I still couldn’t work out the timeline, though. If Lovatt Dudgeon only got interested in second chances for children after his wife killed his own, how could a woman she met before her final descent be in touch with him? If it had been Simmerton, it would be different. But the Dudgeons lived in Edinburgh then. Or did they? They owned Jerusalem House and Denise died there.
‘Where was the clinic?’ I said. ‘In town or down here?’
‘Why would it be down here?’ said Elayne. ‘But no, it wasn’t in the city. It was a private clinic, out in East Lothian, if you must know, because I didn’t want to run into anyone I knew. Neighbours or that. So I used to get the train down the coast and go to a wee clinic there. I sometimes think the journey, sitting looking out the train window at the sea view, was what did me most good, not the endless yak-yak-yakking once I got there.’
She sounded like herself again. With one last squeeze I let her hand go. ‘Look, let’s eat,’ I said. ‘By all means, keeping talking but let’s eat too, eh?’
‘Don’t need to tell me twice,’ my dad said, digging into the potatoes. ‘So this St Angela’s,’ he went on, ‘it was an agency that dealt with…’ I was glaring at him and he came through for once in his clueless life ‘… special-needs children? Why was Paddy on their books? Elayne, do you know?’
‘Don’t mind me,’ Paddy said.
‘It might not have been anything to do with the child himself,’ I said. ‘It might have been that Paddy’s birth parents wanted to deal with St Angela’s for some reason. Maybe they knew Lovatt.’
‘That’s it,’ Elayne said. ‘It came from the birth parents. It was a surprise to me. A gift from the gods.’ She had put the smallest amount of everything on her plate that you could put on your plate and still claim to be eating a meal.

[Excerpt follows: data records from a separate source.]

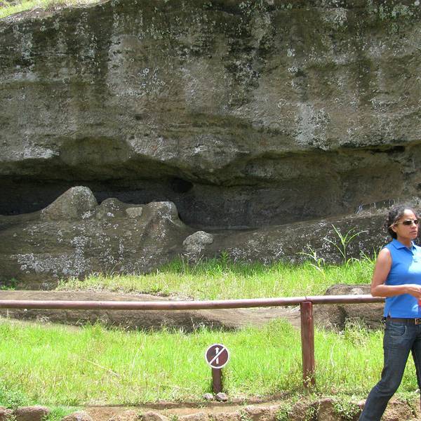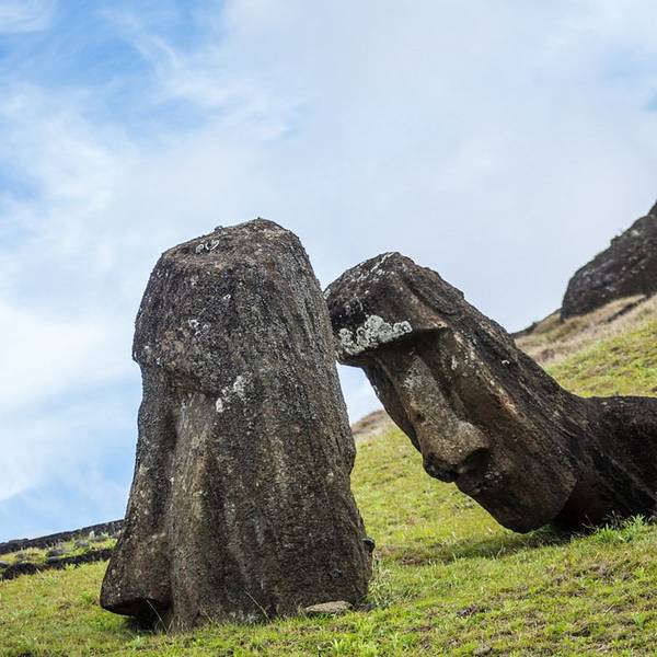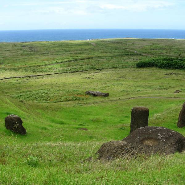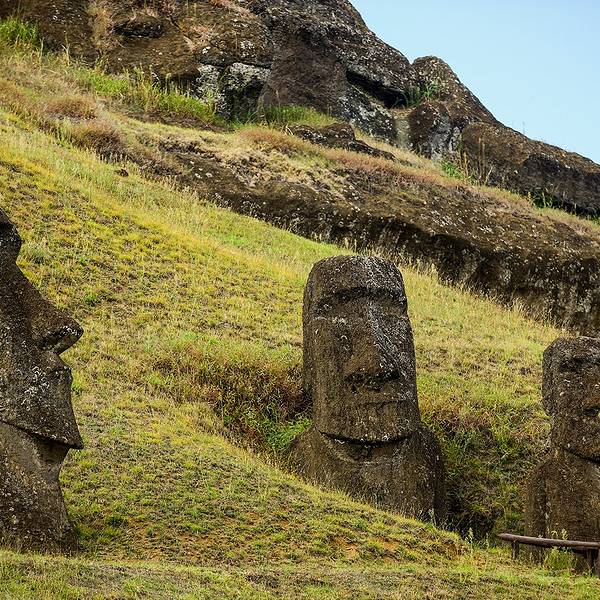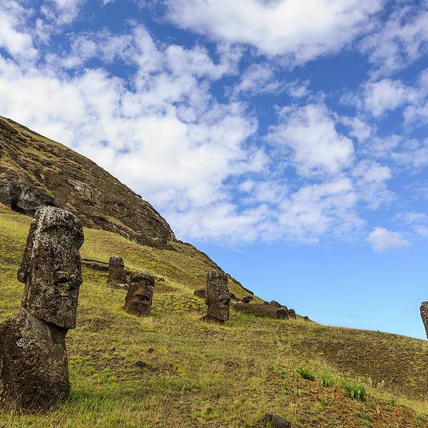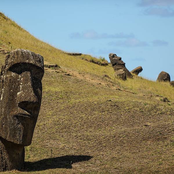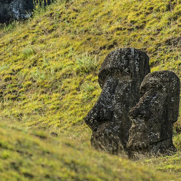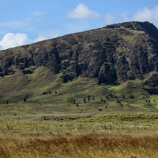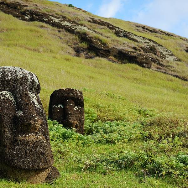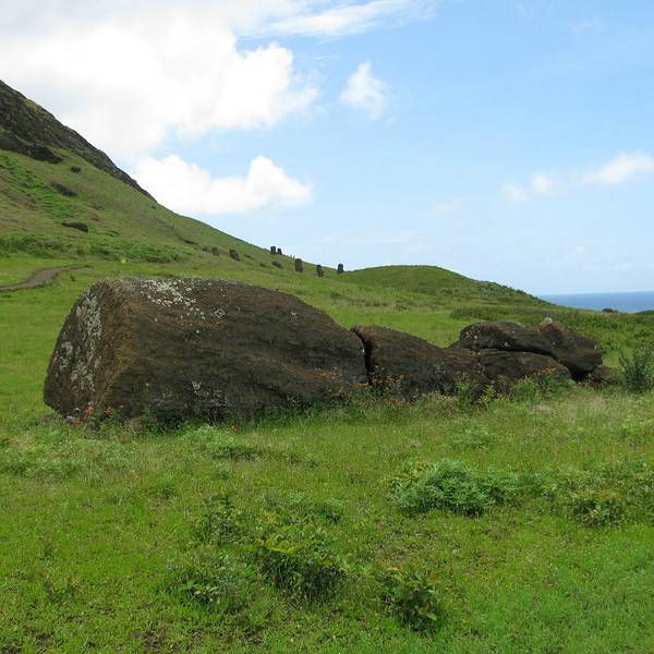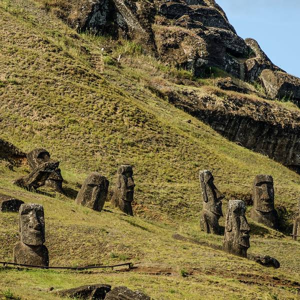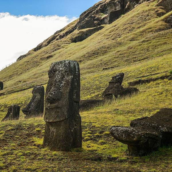 ...又不知什么缘故 建造工作在1680年以后嘎然而止 一切没有预兆地停止了 从此复活节岛成了一个谜Rano Raraku 是一座火山 也可以说是复活节岛上所有Moai的孵化器 Moai就是在这里的火山山体内 整体雕刻出来 然后搬运到岛上的各个位置 现在 这里依然散落着400多个或站立 或扑倒的Moai 甚至有Moai一半身体与火山相...Rano Raraku 是一座火山 也可以说是复活节岛上所有Moai的孵化器 Moai就是在这里的火山山体内 整体雕刻出来 然后搬运到岛上的各个位置 现在 这里依然散落着400多个或站立 或扑倒的Moai 甚至有Moai一半身体与火山相连 如同未出母体的婴儿
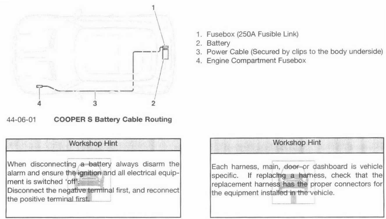 COOPER S battery is fitted with a BST (Battery Safety Terminal) for the main power cable.
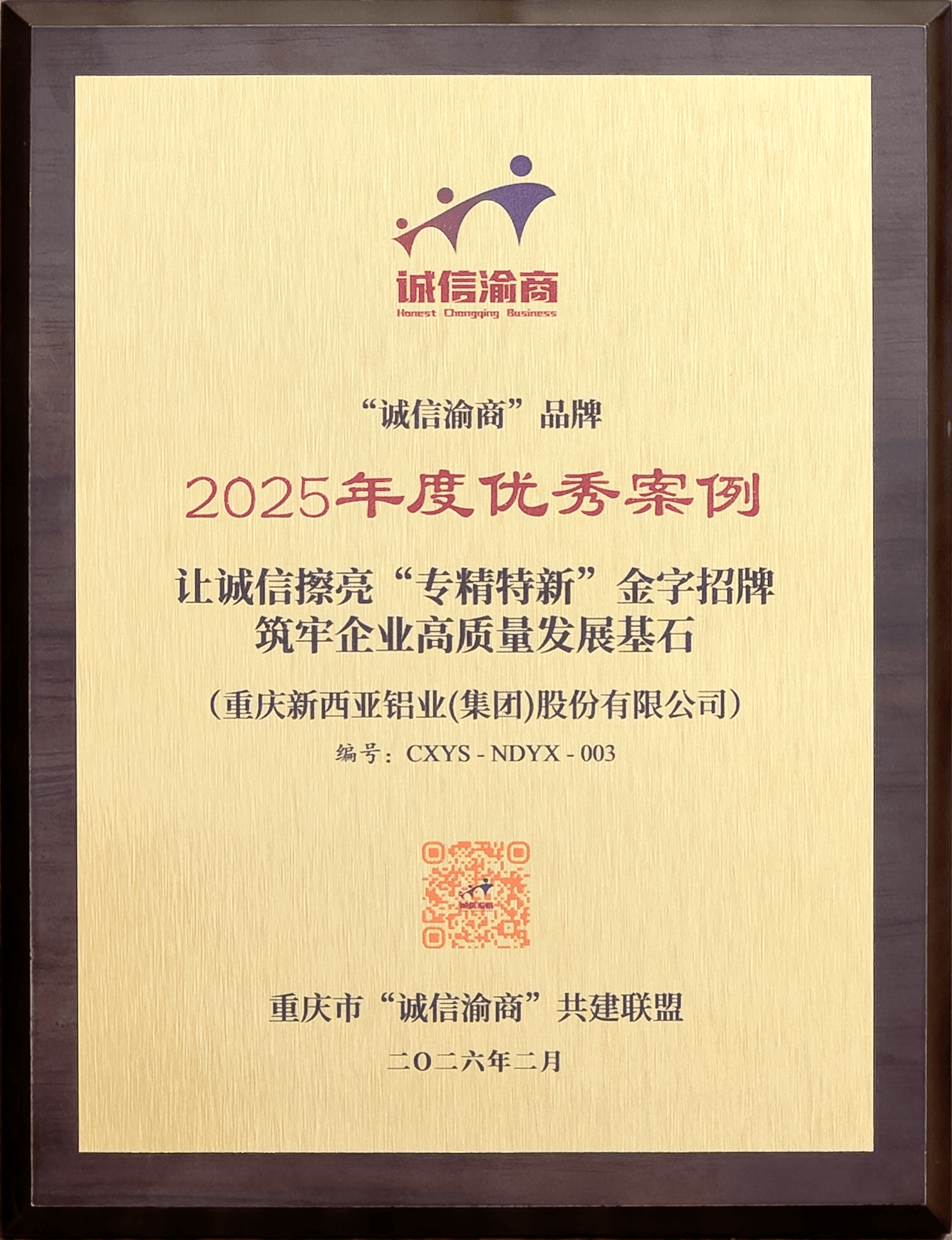 兩項殊榮的獲得,是新西亞鋁業(yè)集團發(fā)展歷程中的璀璨一筆,更是邁向高質(zhì)量發(fā)展的新起點。未來,新西亞鋁業(yè)集團將繼續(xù)秉持“以誠鑄魂,向新而行”的理念,以合規(guī)為舵、誠信為帆,持續(xù)深化誠信體系建設(shè),擦亮“誠信渝商”金字招牌,為重慶民營經(jīng)濟的騰飛貢獻堅實力量。
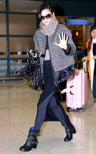여기에 아우터를 두겹으로 레이어드 하는 등 감각적인 패션센스를 자랑했다. 공항 필수 아이템인 블랙 선글라스도 잊지 않고 챙겨 도회적인 매력을 한층 더 부각시켰다.
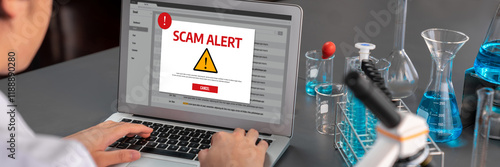 Cyber security software show alert of cyber attack for protection brisk. Danger from virus, phishing and cyber fraud.
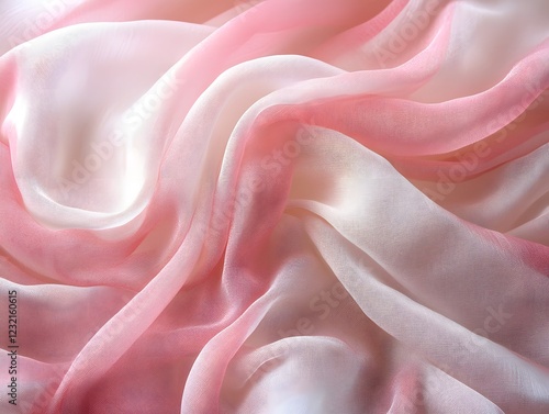 Pink and White Silk Fabric Texture: Delicate blush pink and ivory silk fabric, softly draped in luxurious folds, creates an elegant and romantic texture.
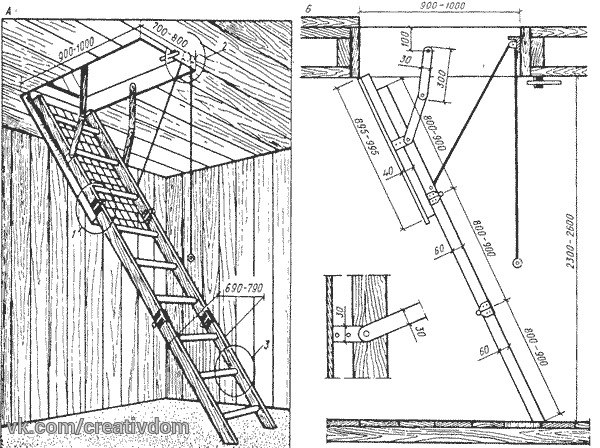 Складная лестница на чердак своими руками
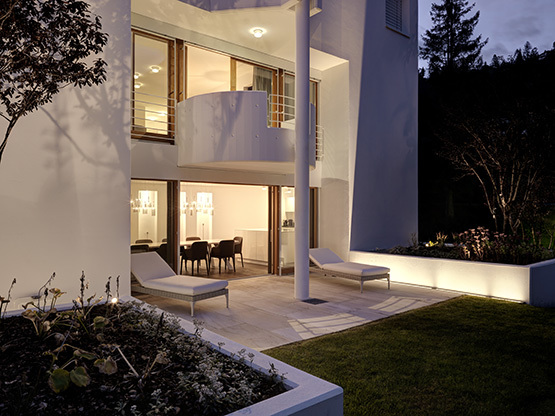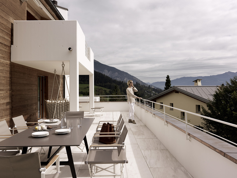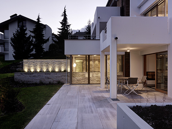 Die Neuaufteilung des Gartens mit einer grosszügigen Sonnenterrasse verbindet diese Wohnungen mit dem früher erstellten Gemeinschaftsbereich. Die Familie möchte den Sitz in den Bergen vermehrt im Sommer nutzen.
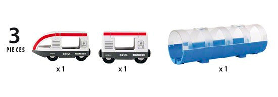 The BRIO World 33890 Travel Train & Tunnel opens a world of exciting new destinations. The modern toy train will take you anywhere your imagination cares to roam. And with room for 3 poseable figures in the engine and passenger wagon, it’s time to invite your favourite BRIO friends on-board. The clever packaging around the Travel Train also transforms into a stylish see-through tunnel – just place it into any BRIO World wooden railway track and off you go. Bon voyage
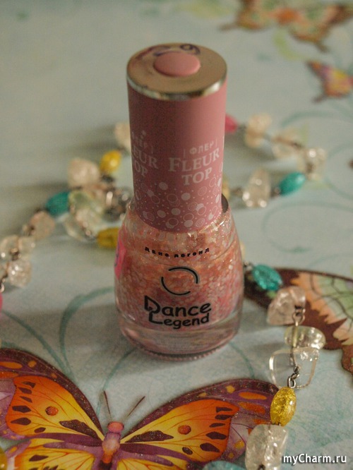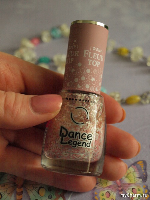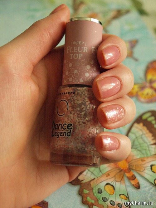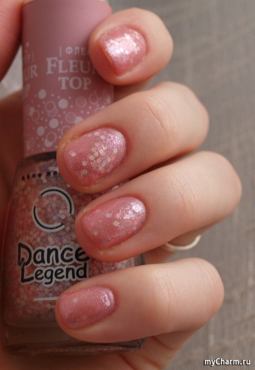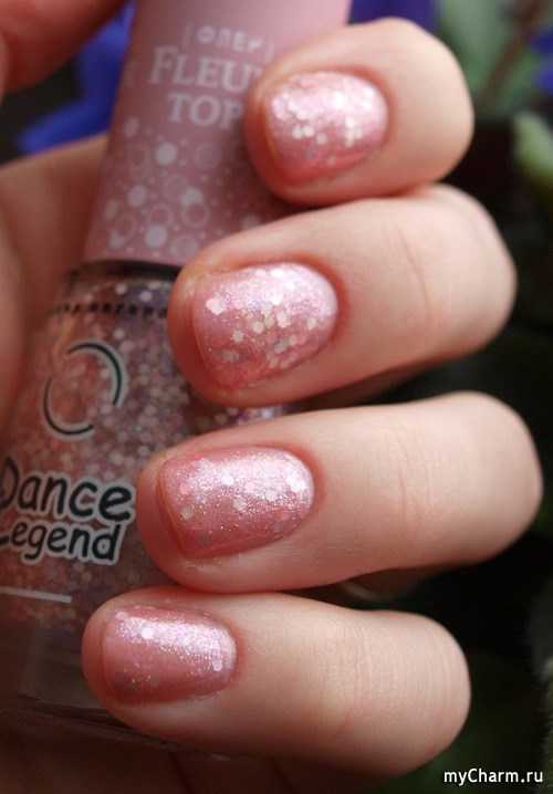 Fleur — это не просто блестки в прозрачной базе, это глиттер разных цветов. Блестяшки нежно-розовые, белые и нежно-голубые (почти белые). Они шестиугольной формы. Также в топе присутствуют малюсенькие частички слюды или голографика! За счет этого смотрится все очень интересно и не банально. К сожалению, частички настолько мелкие, что сложно понять природу их происхождения, затрудняюсь в догадках.
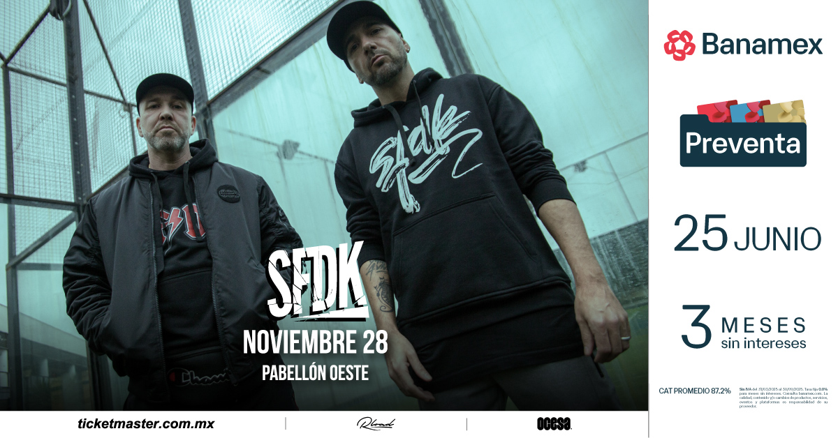 Esta es tu oportunidad de ver en vivo a SFDK, una de las bandas más influyentes y respetadas del género. Ponte listo para comprar por tus boletos para el 28 de noviembre en el Pabellón Oeste del Palacio de los Deportes y prepárate para una noche llena de rimas poderosas, beats increíbles y energía inconfundible.
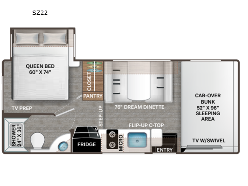 Designed to accommodate up to five people, this RV ensures everyone has a cozy place to rest after a day of exploration. The intelligently designed floor plan maximizes space, offering sleeping arrangements that include a convertible dinette, a cozy overhead bunk, and a comfortable bed. The well-equipped kitchen and bathroom provide all the essentials, ensuring you have everything you need on the road.
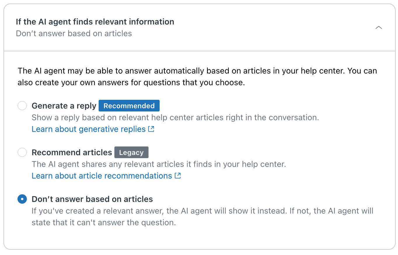 - Nella scheda Comportamento messaggistica , fai clic su Se l’ agenti AI trova informazioni pertinenti e seleziona Non rispondere in base agli articoli
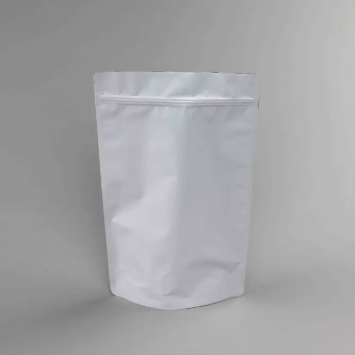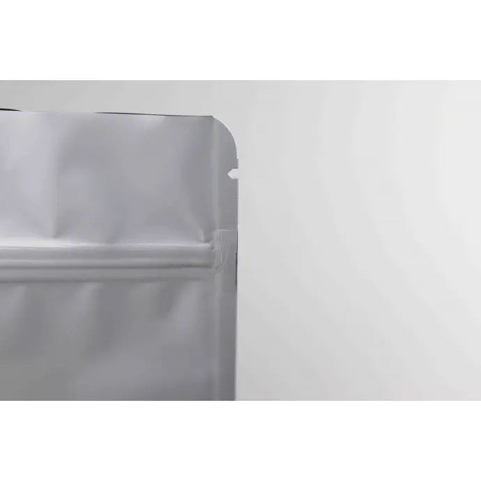 6.69" x 11" x 3.5" OD Matte White MylarFoil Stand Up Pouch with Zipseal, Tear Notch, and Rounded Corners
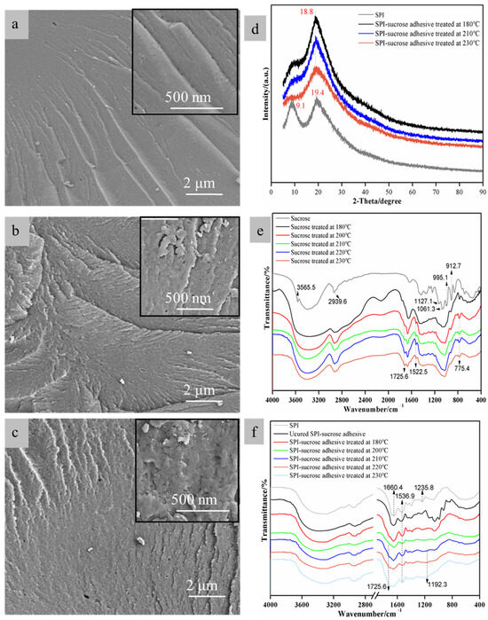 (a–c) SEM images of the powder of SPI–sucrose adhesives cured at 180, 210 and 230 °C; (d) XRD curves of SPI–sucrose adhesives; (e) FTIR curves of sucrose treated at different temperatures; (f) FTIR curves SPI–sucrose adhesives cured at different temperatures.
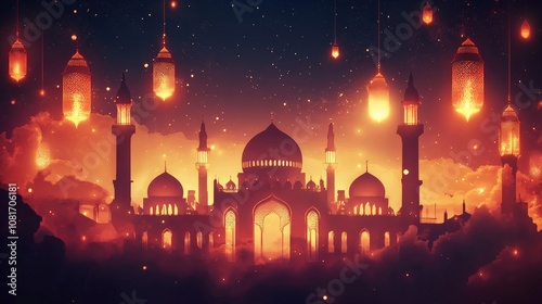 Illuminated Mosque with Lanterns and Stars Against a Night Sky
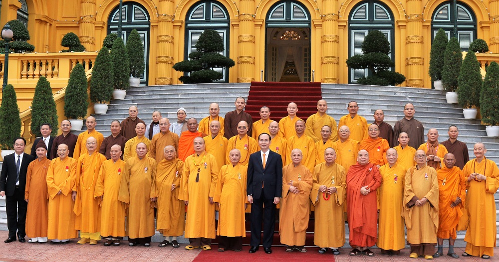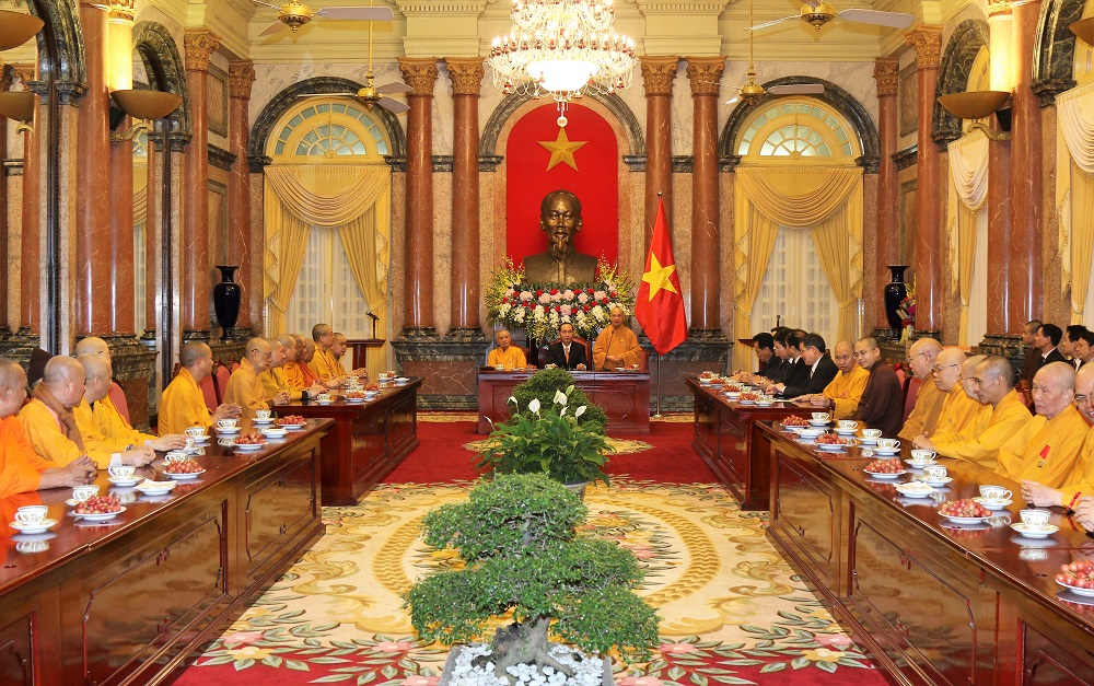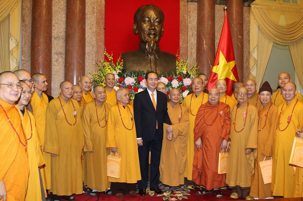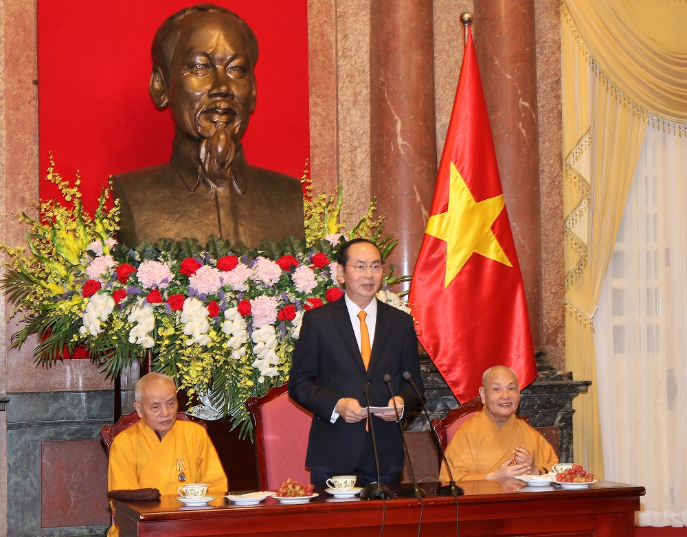 Chủ tịch nước Trần Đại Quang khẳng định, Đảng, Nhà nước và nhân dân luôn ghi nhận, đánh giá cao, trân trọng biểu dương và chúc mừng những kết quả, đóng góp thiết thực, đầy ý nghĩa của Giáo hội Phật giáo Việt Nam và toàn thể tăng ni, phật tử đối với sự nghiệp đại đoàn kết toàn dân tộc, xây dựng và bảo vệ Tổ quốc Việt Nam xã hội chủ nghĩa trong thời gian qua.

One potato, one floret of cauliflower, a slice of beef where the knife had gone off-course and shaved a thin sliver, like a nail paring.
‘So you adopted Paddy through St Angela’s when it was brand-new,’ Shannon said. ‘I wonder how many
of us actually passed through its hands. That’s at least three now, including me and my brother, if we’re right about him.’
‘You and your brother weren’t adopted together?’ my mum said. ‘That’s not nice, lovey. That’s a shame.’
‘Sibling groups are harder to find homes for than single children,’ Shannon said.
‘Is that right?’ my mum said. ‘I’d have thought a wee perfect family, a boy and girl, would be just what anyone wanted. Wouldn’t you, Elayne?’
She hadn’t eaten a bite of her midget dinner. She hadn’t even picked up her fork. She was sitting back with her hands in her lap. ‘I’m very happy with just my Paddy,’ she said. Her voice was shaking.
‘You didn’t want a girl too? To dress and spoil?’ My mum smiled at me. ‘Not that this one let me dress her. She had that pudding-bowl haircut when she was six and there’s never been a ribbon or a bobble since. Now, if you’d been mine, Shannon – with all that lovely long hair!’
‘Well,’ Shannon said, ‘perfect wasn’t really the word for Sean and me. My brother’s got more severe ocular albinism than me. He was pretty well blind. I’ve been lucky really.’
‘When…?’ Elayne said, before her dry voice gave out. She took a small sip of water and tried again. ‘When was your adoption?’
‘Me?’ said Shannon. ‘Why? I mean, it was nineteen eighty-six.’
‘That was earlier than I thought St Angela’s started up,’ I said. ‘That was really soon after the Dudgeons died.’
‘After the Dudgeons died?’ Elayne said. ‘What do you mean? They died last week, you said. What are you talking about?’
‘Elayne, didn’t you know?’ I said. ‘Your friend – Mrs Dudgeon. She killed herself and her two little children. Years ago. Just before St Angela’s started. Right before. It’s hard to believe Lovatt was in a fit state to do anything except grieve, actually.’
‘They were definitely up and running, though,’ Paddy said. ‘I was adopted in ‘eighty-six too.’
‘A woman killed herself and her children?’ my mum said. ‘As long as I live I can’t believe the wickedness of this world. Let’s go to church tomorrow, Eric, eh?’